Personen mit Aufenthaltsgestattung können nach vierjährigem Aufenthalt jede Beschäftigung ohne Zustimmung der ZAV aufnehmen.
„Ohne Konto ist ein Flüchtling, wie jeder andere auch, nur ein halber Mensch“, sagt Birgit Naujoks, Geschäftsführerin des NRW-Flüchtlingsrats in Bochum. In der Regel gilt: Sobald Flüchtlinge registriert sind und die Erstaufnahmeeinrichtung verlassen, erhalten sie Geldleistungen von der Kommune, der sie zugewiesen wurden. „Spätestens dann wird ein Konto superwichtig“, betont Naujoks; und später sowieso, etwa bei der Jobsuche: „Kein Arbeitgeber stellt jemanden ein, der kein Konto besitzt.“
Der Referent für Kredit und Entschuldung bei der Verbraucherzentrale Nordrhein-Westfalen, Christoph Zerhusen, stimmt ihr zu und nennt weitere Argumente: „Wenn sämtliche Leistungen in bar ausgezahlt werden, führt das zu unkontrollierbaren Bargeldströmen.“ Hinzu komme, dass Bargeld nur schlecht in den Flüchtlingsunterkünften versteckt und gelagert werden könne: „Immer wieder kommt es dort deshalb zu Konflikten“, sagt Zerhusen. Er hält es deshalb für obligatorisch, dass jeder Asylbewerber auch ein eigenes Konto bekommt. Das hat auch die Bafin erkannt und die Hürden des Identitätsnachweises bei der Kontoeröffnung abgebaut.
Bei der Umsetzung der neuen Regeln haben aber vor allem kleinere Banken und Direktbanken noch Schwierigkeiten, glaubt Zerhusen: „Diese Banken haben meist nicht viele Filialen, sodass der organisatorische Aufwand dort sehr groß ist, etwa was den Schriftverkehr mit den Behörden oder den Einsatz von Dolmetschern angeht.“ Doch auch Sparkassen und Genossenschaftsbanken müssen improvisieren.

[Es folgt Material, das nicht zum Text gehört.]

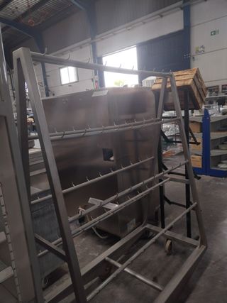 Carro para embutidos en forma triangular en acero inoxidable con ruedas. Medida: 191x150x75 Disponemos de una unidad en stock Si estás interesad@, envíanos un mensaje desde wallapop Solo recogida en tienda Respondemos de lunes a jueves de 8:00 a 14:00 y de 16:00 a 18:30 y viernes de 8:00 a 14:00
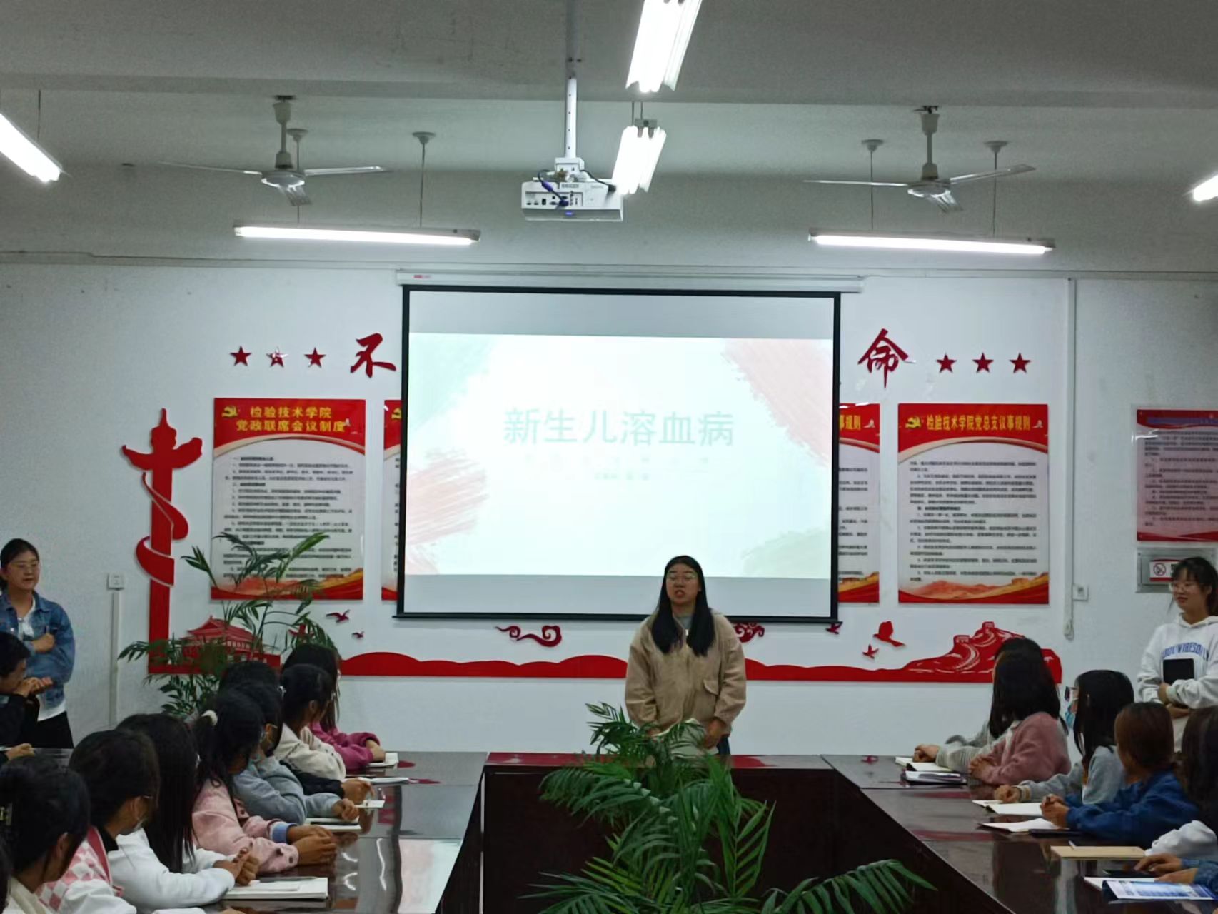 本次汇报内容是大二社员在课下查阅的与检验专业相关知识的前沿文献。首先,由张悦同学对查阅的新生儿溶血相关文献进行汇报,她从好发人群、临床表现和治疗等方面介绍新生儿溶血病,加深社员们对新生儿溶血病的认识。随后,冯阳阳从血液的采集与运输的影响因素及规范操作等方面对查阅的文献进行了汇报。两组同学汇报结束后,朱兆宇老师对汇报的内容及汇报时社员的表现进行了点评,并提出了要求,希望社员们再接再厉,充分运用文献检索这一方式加强对检验专业的了解,并不断提高学习兴趣。

Allein bei der Sparkasse Bielefeld hätten im vergangenen Jahr rund 5000 Asylbewerber ein Konto eröffnet, beschreibt eine Sprecherin die Lage. Weil das im Normalbetrieb nicht mehr zu bearbeiten war, wurde in der Stadt nun eine stillgelegte Geschäftsstelle wieder eröffnet - ausschließlich für Flüchtlinge. Drei Mitarbeiter kümmern sich dort am Vormittag um die Kontoeröffnungen der Neuankömmlinge.
In anderen Städten in NRW führen Sparkassen neue Öffnungszeiten ein, zu denen nur Flüchtlinge kommen dürfen. Oder Mitarbeiter gehen direkt in die Unterkünfte, um Kontos zu eröffnen. Auch zu den Genossenschaftsbanken kommen Asylsuchende. Dort könnten die Anfragen bislang aber gut bewältigt werden, hieß es beim Rheinisch-Westfälischen Genossenschaftsverband.
Der abgeschwächte Identitätsnachweis, den die Flüchtlinge bei der Kontoeröffnung vorweisen müssen, birgt allerdings auch Risiken: „Vor allem international agierende Banken könnten durch diese Sonderbestimmungen gegen die Gesetze anderer Länder verstoßen“, befürchtet der Geschäftsführer des Bankenverbands NRW, Franz-Josef Arndt. Auch Missbrauch sei nicht ausgeschlossen.
Der Flüchtlingsrat ist jedoch erstmal zufrieden. „Wenigstens was die Kontoeröffnungen angeht, ist jetzt erstmal etwas Ruhe eingekehrt“, sagt Geschäftsführerin Naujoks.